Optional: logging.Logger object. If None, default logger will be used.

None

download_pfns(items, num_threads=2, trace_custom_fields=None, traces_copy_out=None, deactivate_file_download_exceptions=False)

Download items with a given PFN. This function can only download files, no datasets.

Parameters:

Name Type Description Default
items list[dict[str, Any]]

List of dictionaries. Each dictionary describing a file to download. Keys: pfn - PFN string of this file did - DID string of this file (e.g. 'scope:file.name'). Wildcards are not allowed rse - rse name (e.g. 'CERN-PROD_DATADISK'). RSE Expressions are not allowed base_dir - Optional: Base directory where the downloaded files will be stored. (Default: '.') no_subdir - Optional: If true, files are written directly into base_dir. (Default: False) adler32 - Optional: The adler32 checmsum to compare the downloaded files adler32 checksum with md5 - Optional: The md5 checksum to compare the downloaded files md5 checksum with transfer_timeout - Optional: Timeout time for the download protocols. (Default: None) check_local_with_filesize_only - Optional: If true, already downloaded files will not be validated by checksum.

required
num_threads int

Suggestion of number of threads to use for the download. It will be lowered if it's too high.

2
trace_custom_fields Optional[dict[str, Any]]

Custom key value pairs to send with the traces

None
traces_copy_out Optional[list[dict[str, Any]]]

reference to an external list, where the traces should be uploaded

None
deactivate_file_download_exceptions bool

Boolean, if file download exceptions shouldn't be raised

False

Returns:

Type Description
list[dict[str, Any]]

a list of dictionaries with an entry for each file, containing the input options, the did, and the clientState clientState can be one of the following: ALREADY_DONE, DONE, FILE_NOT_FOUND, FAIL_VALIDATE, FAILED

Raises:

Type Description
InputValidationError

if one of the input items is in the wrong format

NoFilesDownloaded

if no files could be downloaded

NotAllFilesDownloaded

if not all files could be downloaded

RucioException

if something unexpected went wrong during the download

download_dids(items, num_threads=2, trace_custom_fields=None, traces_copy_out=None, deactivate_file_download_exceptions=False, sort=None)

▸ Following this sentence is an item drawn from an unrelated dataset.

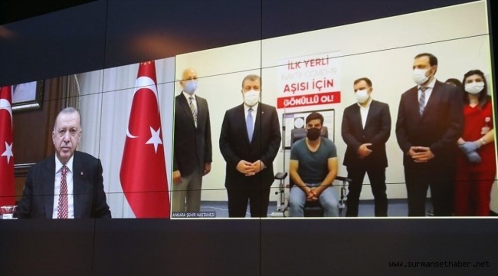 Cumhurbaşkanı Recep Tayyip Erdoğan, yerli Kovid-19 aşısının üçüncü fazının ilk doz uygulamasına, video konferans ile katıldı.
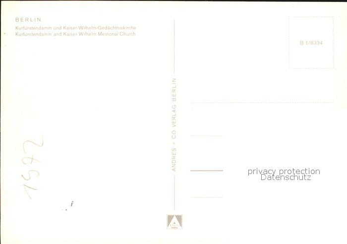 72563552 BERLIN CITY Kurfuerstendamm und Kaiser-Wilhelm-Gedaechtniskirche postalisch nicht gelaufen Erhaltung siehe scans [LiesaD40] KatCode: 11110011000000

Download items with given DIDs. This function can also download datasets and wildcarded DIDs.

Parameters:

Name Type Description Default
items list[dict[str, Any]]

List of dictionaries. Each dictionary describing an item to download. Keys: did - DID string of this file (e.g. 'scope:file.name') filters - Filter to select DIDs for download. Optional if DID is given rse - Optional: rse name (e.g. 'CERN-PROD_DATADISK') or rse expression from where to download impl - Optional: name of the protocol implementation to be used to download this item. no_resolve_archives - Optional: bool indicating whether archives should not be considered for download (Default: False) resolve_archives - Deprecated: Use no_resolve_archives instead force_scheme - Optional: force a specific scheme to download this item. (Default: None) base_dir - Optional: base directory where the downloaded files will be stored. (Default: '.') no_subdir - Optional: If true, files are written directly into base_dir. (Default: False) nrandom - Optional: if the DID addresses a dataset, nrandom files will be randomly chosen for download from the dataset ignore_checksum - Optional: If true, skips the checksum validation between the downloaded file and the rucio catalouge. (Default: False) transfer_timeout - Optional: Timeout time for the download protocols. (Default: None) transfer_speed_timeout - Optional: Minimum allowed transfer speed (in KBps). Ignored if transfer_timeout set. Otherwise, used to compute default timeout (Default: 500) check_local_with_filesize_only - Optional: If true, already downloaded files will not be validated by checksum.

required
num_threads int

Suggestion of number of threads to use for the download. It will be lowered if it's too high.

2
trace_custom_fields Optional[dict[str, Any]]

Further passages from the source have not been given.